Simorgh at SemEval-2026 task 7: Region-Aware Hybrid Retrieval for Low-Resource Cultural Reasoning in Multilingual Question Answering
Quick Take
The paper presents a region-aware hybrid retrieval method for culturally grounded multilingual question answering using the Qwen3-14B model, improving cross-lingual stability over traditional parametric inference. Despite advancements, performance disparities remain between languages with varying training data availability.
Key Points
- Introduces a hybrid retrieval approach combining BM25 and dense semantic similarity.
- Utilizes the BLEnD benchmark with a multilingual corpus of 30 languages.
- Improvements noted in culturally grounded question answering with Qwen3-14B model.
- Performance gaps persist between high and low resource languages.
- Retrieval augmentation does not fully address training data imbalance issues.
Article Content
From source RSS / original summaryarXiv:2605. 27636v1 Announce Type: new Abstract: Although Large Language Models (LLMs) demonstrate excellent capabilities and performance for general reasoning tasks within the general public domain, they may face challenges with culturally grounded knowledge within languages with limited digital and textual data.

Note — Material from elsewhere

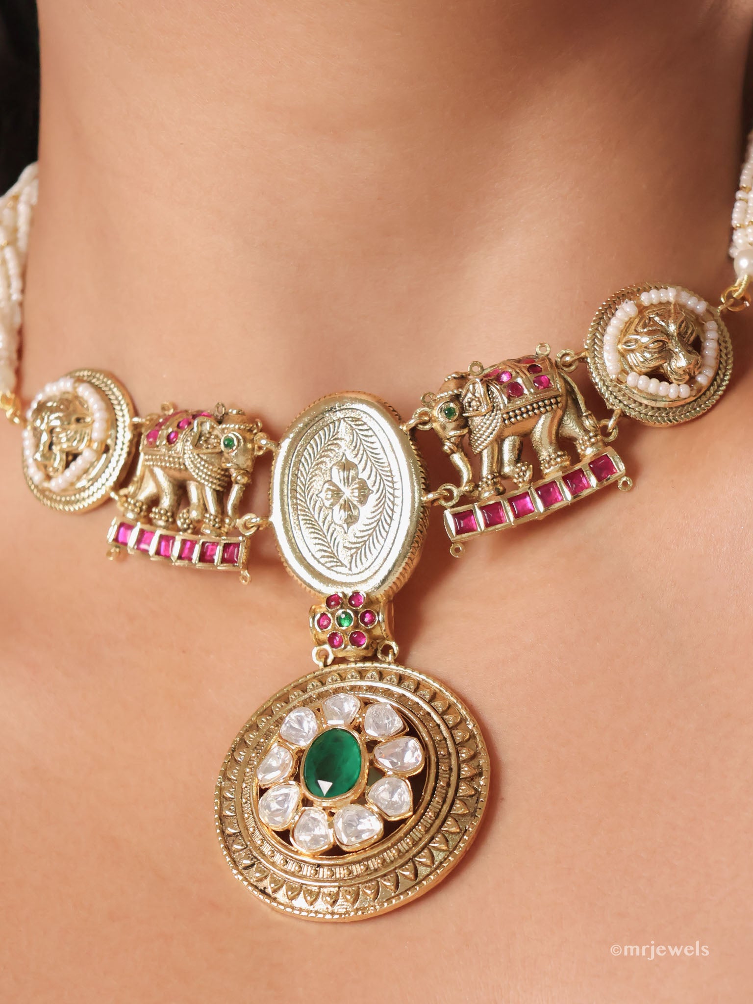 Rajwada Polki Gulbandh Collar (5-Row) — Set

In this paper, we investigate culturally grounded multiple-choice question answering with the BLEnD benchmark, which consists of a multilingual corpus of 30 languages and covers various socio-cultural domains, such as cuisine, sports, family, etc. We propose a region-aware hybrid retrieval approach that combines BM25 lexical matching and dense semantic similarity with regional weighting heuristics to improve the relevance of the answer.

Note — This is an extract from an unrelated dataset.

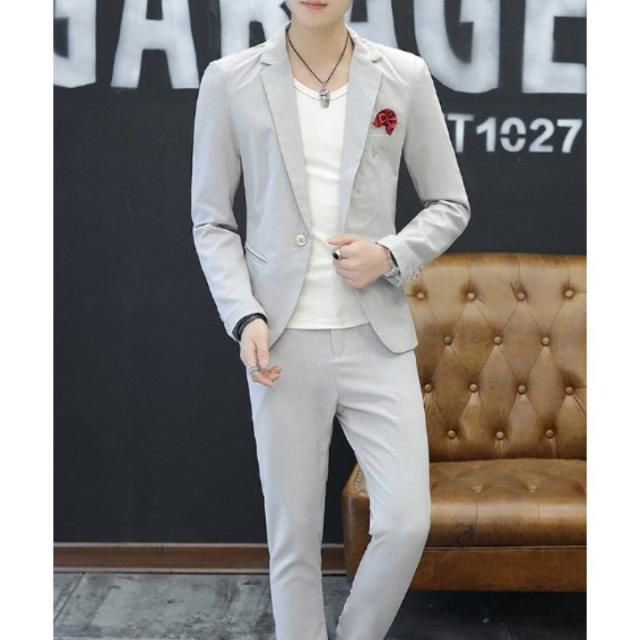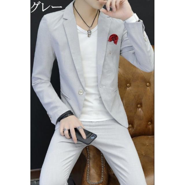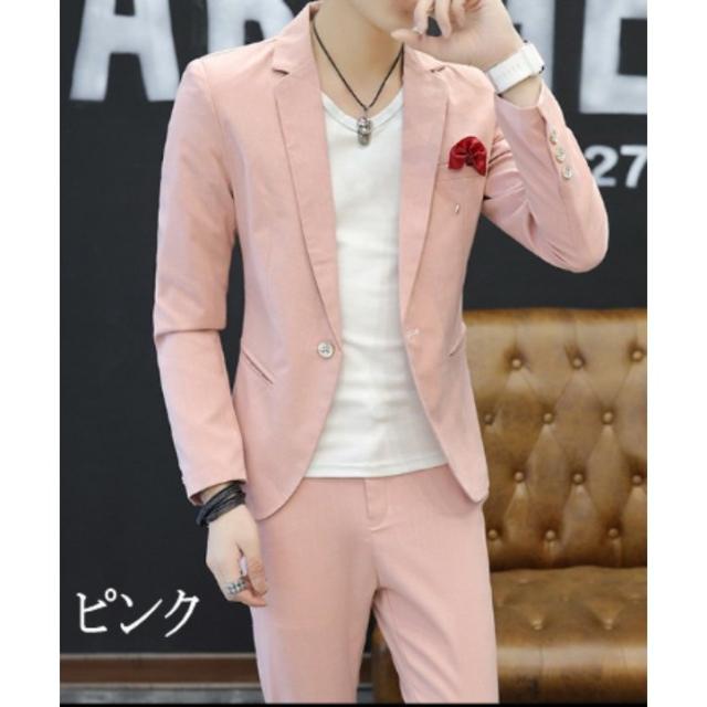 メンズ ビジネススーツ セットアップ 長袖 2点セット カジュアルスーツ テーラードジャケット 着? 紳士服 無地 結婚式

The retrieved documents are used to construct a structured prompt for the Qwen3-14B quantized model with logit-based deterministic answer selection. The experimental results show improvements to cross-lingual stability with the hybrid retrieval approach over pure parametric inference for culturally grounded question answering. However, there are still notable performance gaps between languages with more and less training data.
This shows that the limitations of the retrieval augmentation approach are not entirely overcome by the training data imbalance problem.